For a number of years, the Internet, and specifically Facebook, has been a sort of catalyst for me to build a pseudo-social life, when my social phobia made it very difficult for me to have a real one.

The Internet is easy, right?. You post photos. You post thoughts. You post videos or ideas. You post all of these things that come from you, and you get instant feedback. You keep in touch. You see what your friends are up to. You tell everyone about your period -- wait, what? Yeah... sometimes I might go too far.

Because you don't see the faces of the people you're communicating with  or their reactions, it's easy to say anything that comes to your mind. You become so preoccupied with the fact that you can say anything, that you don't stop to think about whether you should say something. When you're alone at your computer, it's easy to forget you have an audience sometimes.

Even in my pre-connected days, before the social phobia got horrible, I was somewhat of an outrageous human being. I was still really honest in my feelings. I was still a weirdo. I was still a little crazy sometimes. The only real difference was that my audience was smaller and, naturally, more intimate. I'd act stupid in front of a few people rather than a few hundred people. The significant difference, of course, is the former made hilarious memories I still look back fondly on, while the latter has become an expected circus act that I'm not even sure I get joy from anymore.
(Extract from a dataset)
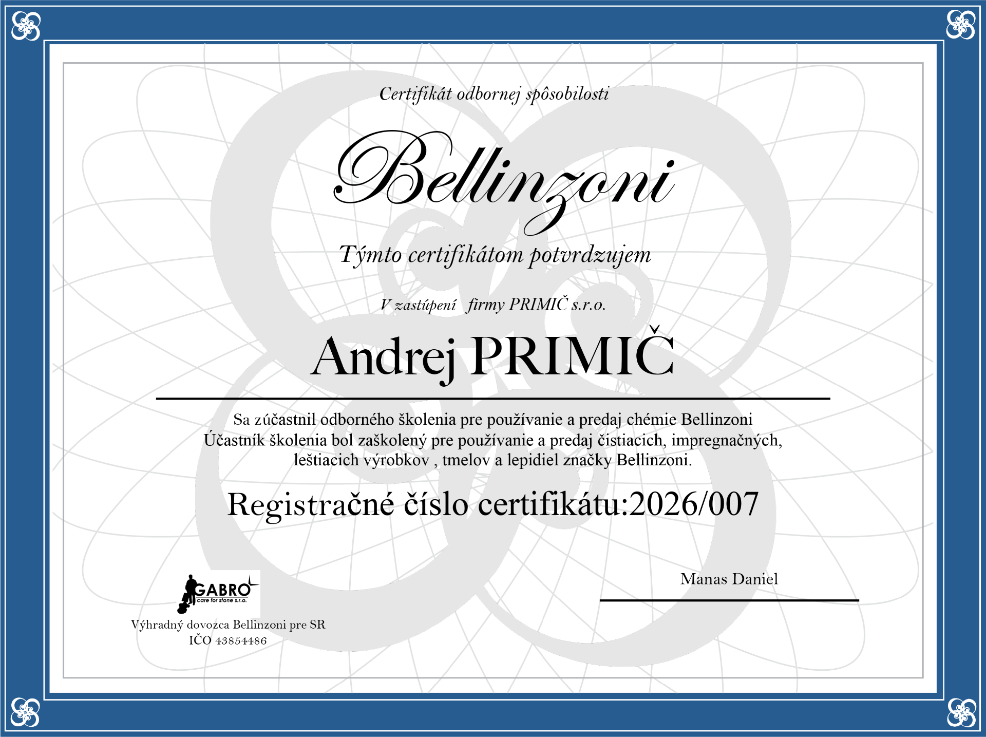 Neustále sa vzdelávam, aby som vám priniesol to najlepšie v starostlivosti o kameň. Absolvoval som odborné školenie značky Bellinzoni a pracujem s overenými postupmi aj kvalitnou chémiou pre čistenie a ochranu povrchov.

It's something that's been on my mind a lot for about the last 6 months, and something that a few friends have brought up to me. Why do I post some of the things I post? How much of my online activity is actually something I enjoy that is benefiting me, and how much of it is a performance that's become expected? I really don't like who I am right now. Sometimes it's difficult to differentiate where the performance ends and I begin. There have been days when I post things completely out of character. There are days when I feel like an Internet-powered marionette, dancing and posting and clicking the like button on photos and statuses.

I know why I started, and I know why it got worse about 2 years ago. I don't know why I continue. I look around and realize nobody else posts these things, and so obviously there is a reason for that. I think maybe part of me has kept up the "Girl Who Will Post Anything" show because I'm afraid to stop. I'm afraid that if I'm not posting things to shock people that I'll be forgotten and fade away. I'm afraid I'll disappear. I'm afraid I'll feel alone. Is that a good enough reason to keep making a fool of myself, or are my fears unfounded? I guess I'll find out soon.
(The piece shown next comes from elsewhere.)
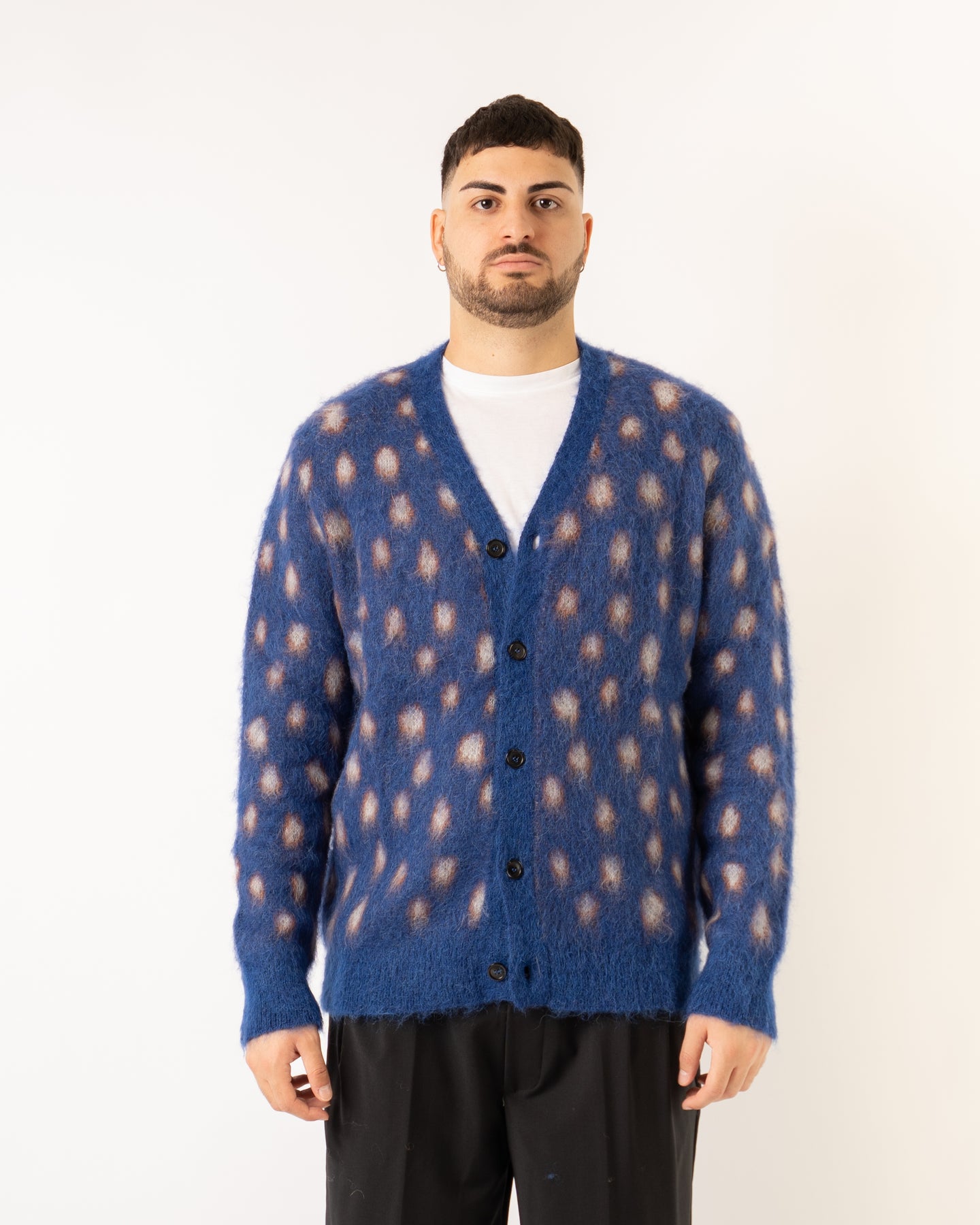 Cardigan in tessutro mohair bluette con fantasia bolle.

I'm going to try not to invest as much time into Facebook, and I want to be more mindful of what I do post. Part of it has been a fun social experiment, seeing how people react to content that doesn't fit into the nice little box of what's expected. Part of it has been hilarious, coming up with new ways to announce my period. But, for the last two months, it's felt more like a chore than anything. While I know that a lot of people enjoy my "monthly" posts, all good things must eventually end. I need to spend more time living in the real world rather than simply existing in codes.

Tuesday, June 18, 2013

Don't Be Frightened of Turning the Page

In life, change is inevitable. Running away from a new experience or holding onto the past will only end in a dreary sameness that will follow you through your days. So much of the change in my life has been negative... catastrophically so at times, and so I have to remind myself often: don't be frightened of turning the page.
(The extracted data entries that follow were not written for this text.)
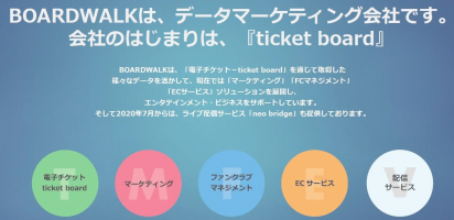 「カタチにこだわらないエンタテインメントの楽しさを提供し、ひとりひとりの感動の最大化を目指す」を企業理念に、国内最大の電子チケットサービス“ticket board” の運営の他、デジタルコンテンツ配信及びグッズ等の企画制作や、ファンクラブ及びファンクラブイベントの企画・提案、会報の制作なども手がけています。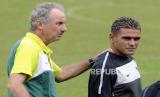 Pelatih timnas Indonesia Alfred Riedl (kiri) berbincang dengan pemain asuhannya Cristian Gonzales saat latihan jelang pertandingan babak final AFF Suzuki Cup 2010 melawan Malaysia di Lapangan Timnas Senayan, Jakarta, Senin (20/12). (FOTO : ANTARA/Andika Wahyu)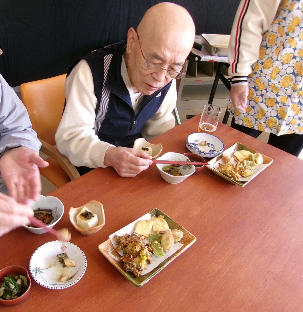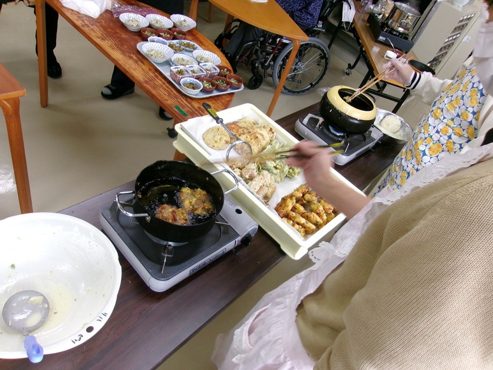 こぶしの里の畑でみんなで収穫した食材を使い、職員が腕によりをかけて料理を準備しました!

The name of an EP put out by my favorite band, and also a great bit of advice: don't be frightened of turning the page. Fear can run my life if I let it, and I sure used to. I went years without meeting new people or trying new things outside of what I deemed "safe". To this day, I have to really push myself not to dwell in the past and to look towards the future.

Some things will always be difficult for me, like meeting someone new. However, when I force myself to look through that fear; that social phobia, and just do it anyway, it's nearly always ended in a really great experience. Especially recently. Sometimes you just have to let people in and trust they won't mess up the place.

When I look back at all I've done in the last year; all the things that scared me half to death but I did anyway... it's crazy. I think about what my life would be like if I let that fear determine my actions, and it's scary. I wouldn't be going to school to better my career options, I wouldn't have gotten my driver's license, I wouldn't have met some of the people I currently care about. I'd be stuck in an endless loop of fear, followed by inaction.

I think it's important to do what scares you sometimes. You'll never know what you're capable of otherwise, or what happiness awaits you. Whether it's a career move, the ending of a relationship, or the beginning of a new one, change can be a really great thing if you can push your fear aside long enough to embrace it.

Monday, June 17, 2013

An Unreasonably Belated Kindersley Post About Farm Life

In between school semesters last month, Darwin and I took a trip to the now-familiar town of Kindersley, Saskatchewan. Being Dave's home town and where his family lives, I try to take every possible opportunity to get up there to visit family and experience the farming lifestyle.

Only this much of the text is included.